A Model Context Protocol server that exposes Apple's on-device AI stack — Foundation Models, Vision, Natural Language, Speech, and Sound Analysis — as 21 tools any MCP-speaking client can call (Claude Desktop, OpenAI, Gemini, Codex, Hermes, …).

Everything runs 100% on-device. No API keys, no cloud round-trips, no data leaves your Mac.


Why this exists

Cloud LLM tokens are expensive for high-volume deterministic work (translation, summarization, OCR, transcription). Apple Silicon Macs ship a capable on-device AI stack — Foundation Models, Vision, Speech — but only if you write Swift. This server wraps that stack as a single MCP endpoint so any host LLM (Claude, GPT, Gemini) can offload bulk work to your Mac instead of burning tokens.

Concretely it lets a host model say "OCR this image", "transcribe this audio", "polish this Discord reply", "summarize this meeting log" — and the work happens locally in milliseconds, free.

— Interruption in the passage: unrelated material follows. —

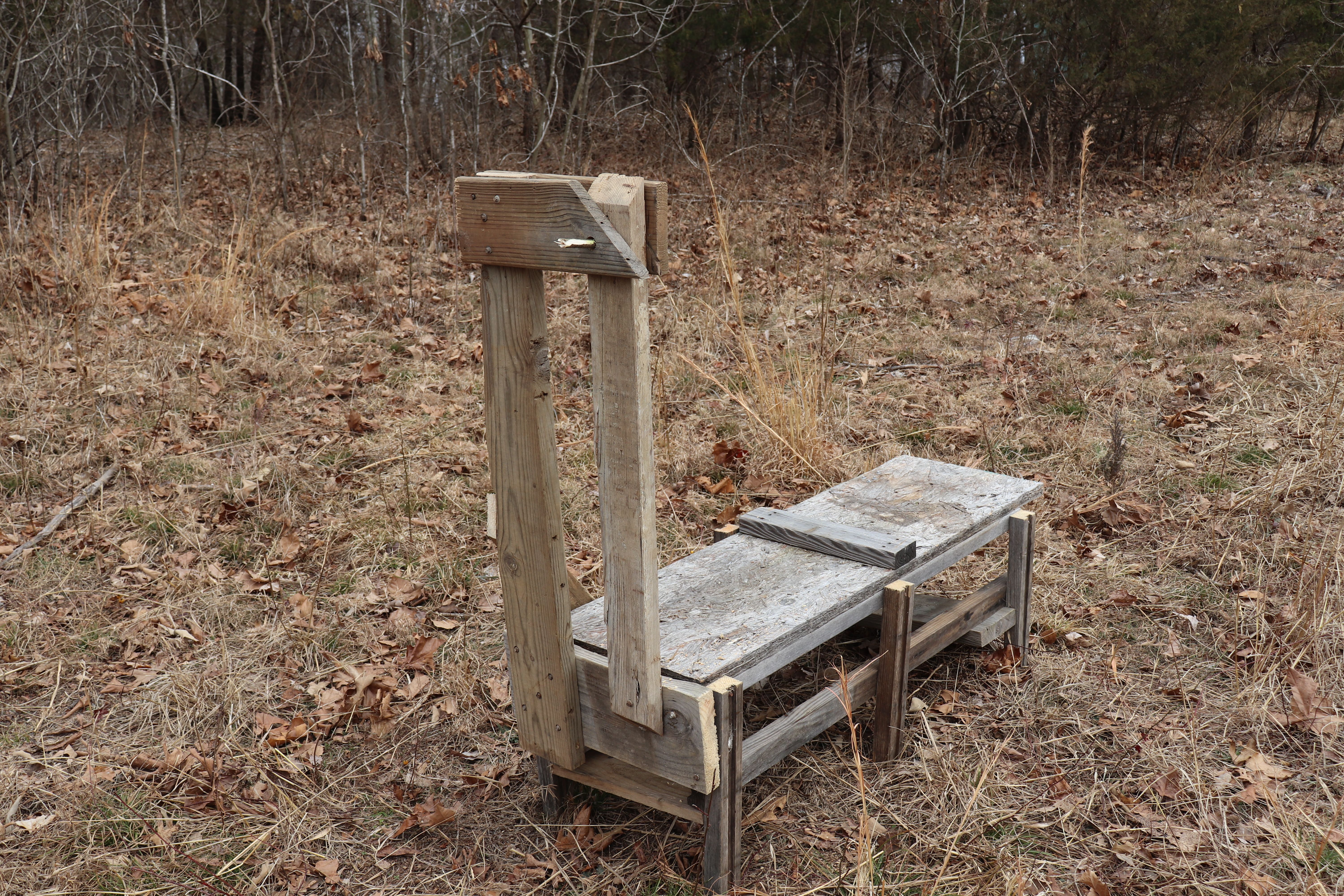 Then I began adding the legs, and reinforcing them for maximum stability. Once the platform and legs were taken care of, I just needed the head mount.

What you can build with it

  • Discord / chat copilot proofread_text, rewrite_text(tone="professional"), summarize_text preserve @mentions, :emoji:, code fences, and the input language.
  • Document workflow vision_analyze(mode="ocr")generate_text_structured(schema="extract")generate_text_structured(schema="summarize") to turn a scanned PDF or photo into structured fields plus a summary.
  • Voice-message pipeline transcribe_audiosummarize_textsynthesize_speech builds a full "spoken-in / spoken-out" loop without leaving the device.
  • Image cataloging vision_analyze(mode="classify"/"aesthetics"/"document") plus image_similarity for local-photo organization.
  • Privacy-sensitive transcription / translation Legal, medical, HR contexts where audio or text must not leave the machine.
  • Token-cost optimization for AI clients Push translation / bulk rewrite / sentiment classification to the local model via the recommended host system prompt below, reserve cloud tokens for reasoning-heavy work.

Requirements

  • Apple Silicon Mac (M1 or later)
  • macOS 26 (Tahoe) or later
  • Apple Intelligence enabled (System Settings → Apple Intelligence & Siri)
  • Full Xcode (Command Line Tools alone don't ship the FoundationModels macros)
  • Homebrew + Python 3.10+ (brew install python3)

Install

git clone https://github.com/falll2000/apple-intelligence-mcp.git
cd apple-intelligence-mcp
bash install.sh

The script will:

  1. Compile the Swift Core Service (release build, swift build -c release)
  2. Create a Python venv and install mcp (FastMCP)
  3. Register the server as a launchd agent (com.apple-intel-mcp.server) on port 11435
  4. Print the exact config snippet for your AI client

Connect a client

Claude Desktop (stdio) — edit ~/Library/Application Support/Claude/claude_desktop_config.json:

{
  "mcpServers": {
    "apple-intelligence": {
      "command": "/path/to/apple-intelligence-mcp/mcp-server/venv/bin/python3",
      "args": ["/path/to/apple-intelligence-mcp/mcp-server/server.py", "--stdio"]
    }
  }
}

install.sh prints the absolute paths for your machine. Copy-paste them.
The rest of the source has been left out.